So let's be honest and acknowledge openly that any system for managing health care will include rationing. Of necessity.

So who gets to make the rationing decisions? Advocates for various policies would like you to believe that their system places the rationing decisions with the health care consumer. But that's another myth that we should leave behind. Yes, we sometimes are given choices of treatments. But the choices that are offered to us all exist within parameters that are decided by those previously mentioned Faceless Bureaucrats. It doesn't help any advocate's case to try to bullshit this point. The voters get this. Under any system we adopt, private or public, someone else will make decisions that will significantly impact our ability to choose our own care.

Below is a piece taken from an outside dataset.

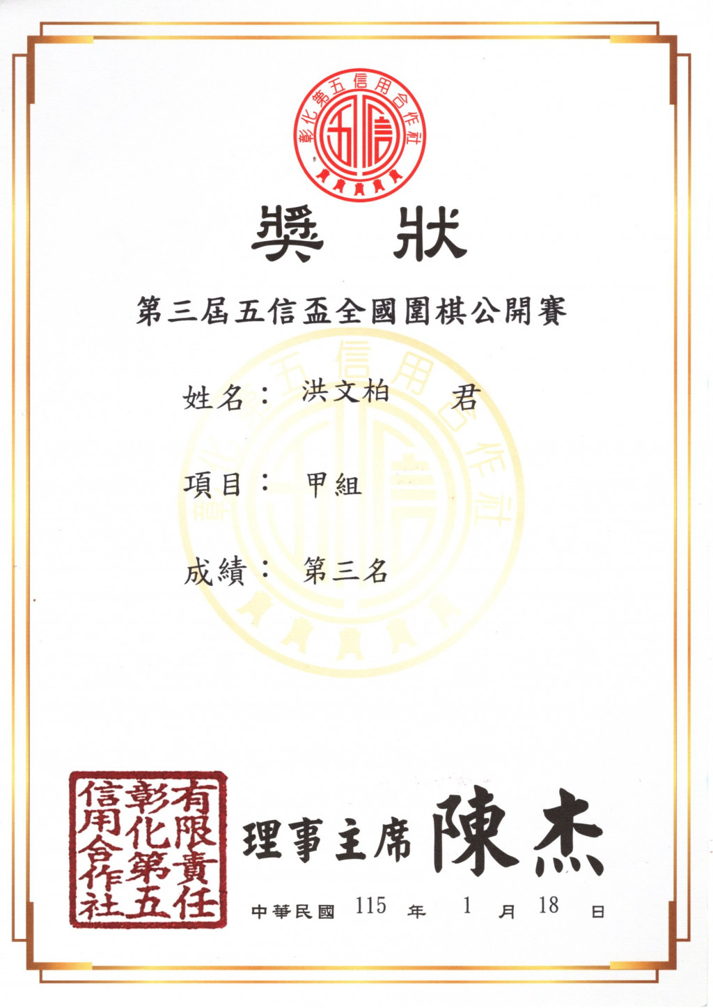 洪文柏第三屆五信盃全國圍棋公開賽 甲組第三名

But let's not get distracted on this point. The fight we are having is not, as far as I can see, over who gets to make that first choice. While the visible argument is about public vs. private, the FGBs vs. the FCBs, I think the underlying fear that drives that argument is not WHO but HOW. And this fear exists on both sides of this debate.

Those who advocate for public health care fear that the profit motive of corporations leads the FCBs to make cold decisions about health care options based purely on profit-loss statements with no consideration for the well being of individuals (result: excluding pre-existing conditions, cutting benefits just when you need them the most, etc.).

But, those who advocate against public health care fear that the "best intentions" of the FGBs will lead to them making judgments on "value to society" that will be based on prejudices they don't agree with (result: "death panels", etc.).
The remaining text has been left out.